Please repeat word for word the line containing "もうひとつの看板商品が、創業" and every following line up to and including the last one below, pictures excluded.

(EXERCISE DATA Opens)

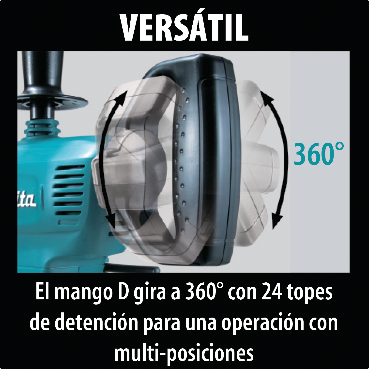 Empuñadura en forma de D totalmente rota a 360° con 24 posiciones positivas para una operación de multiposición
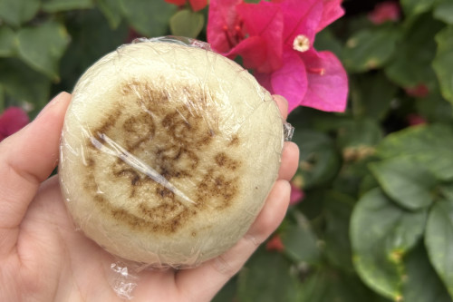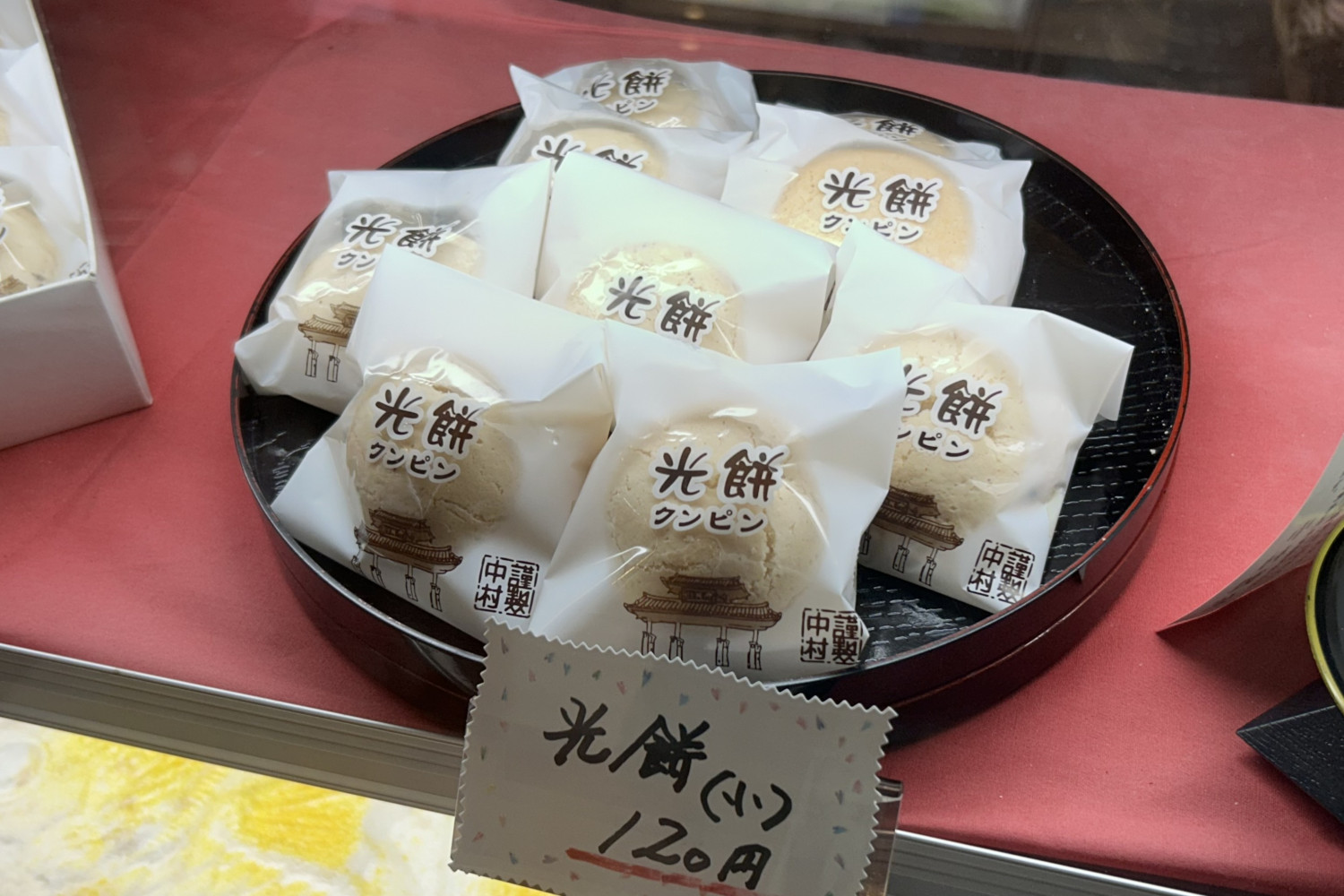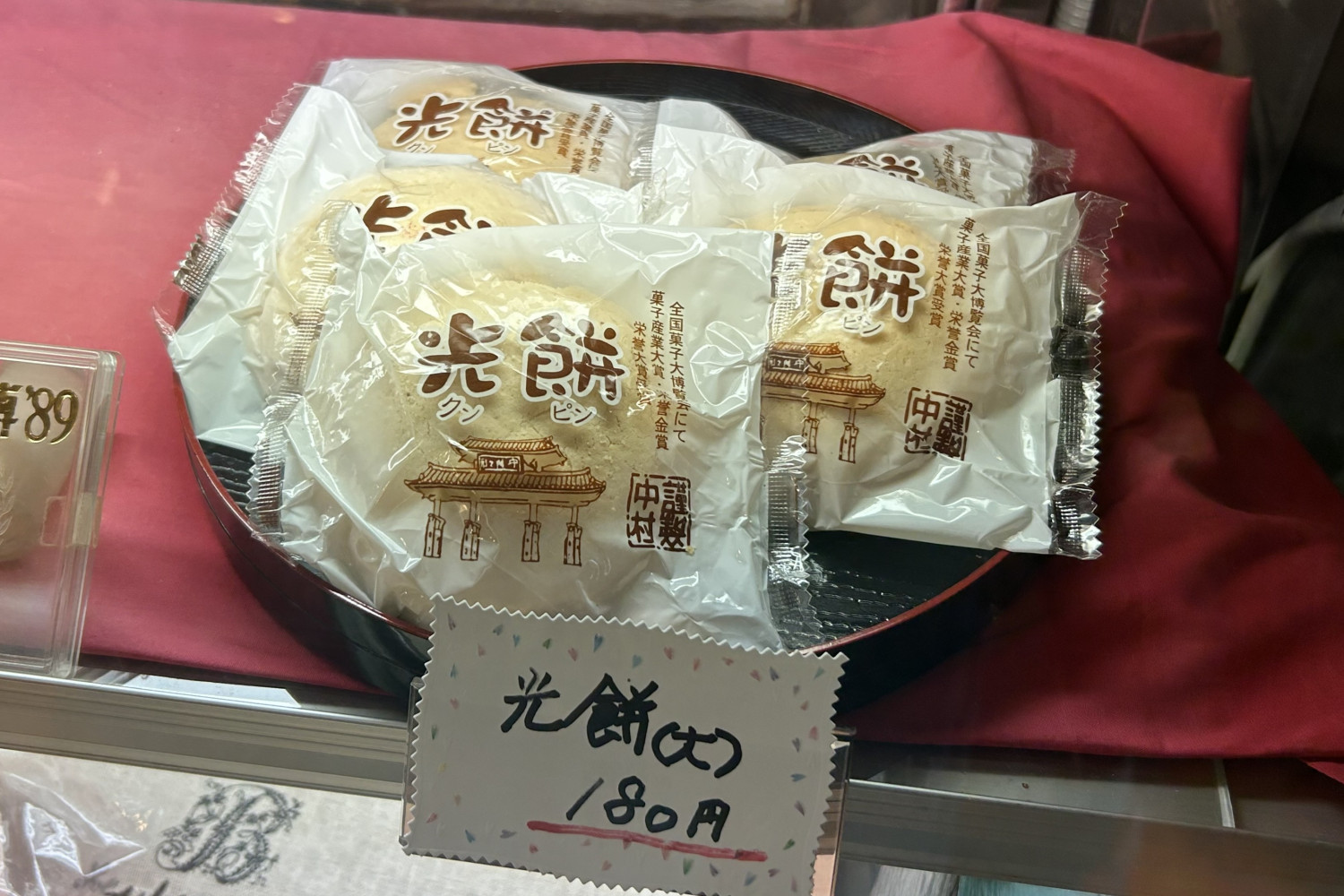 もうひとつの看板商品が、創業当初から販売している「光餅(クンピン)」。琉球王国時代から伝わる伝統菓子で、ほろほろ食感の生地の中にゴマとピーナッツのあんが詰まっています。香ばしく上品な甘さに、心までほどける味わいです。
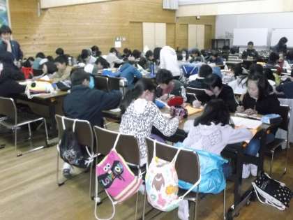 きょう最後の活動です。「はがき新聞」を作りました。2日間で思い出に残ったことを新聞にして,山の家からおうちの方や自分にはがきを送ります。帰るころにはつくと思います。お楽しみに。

(EXERCISE DATA Closes)

• [EXERCISE OUTPUT]:
 もうひとつの看板商品が、創業当初から販売している「光餅(クンピン)」。琉球王国時代から伝わる伝統菓子で、ほろほろ食感の生地の中にゴマとピーナッツのあんが詰まっています。香ばしく上品な甘さに、心までほどける味わいです。
 きょう最後の活動です。「はがき新聞」を作りました。2日間で思い出に残ったことを新聞にして,山の家からおうちの方や自分にはがきを送ります。帰るころにはつくと思います。お楽しみに。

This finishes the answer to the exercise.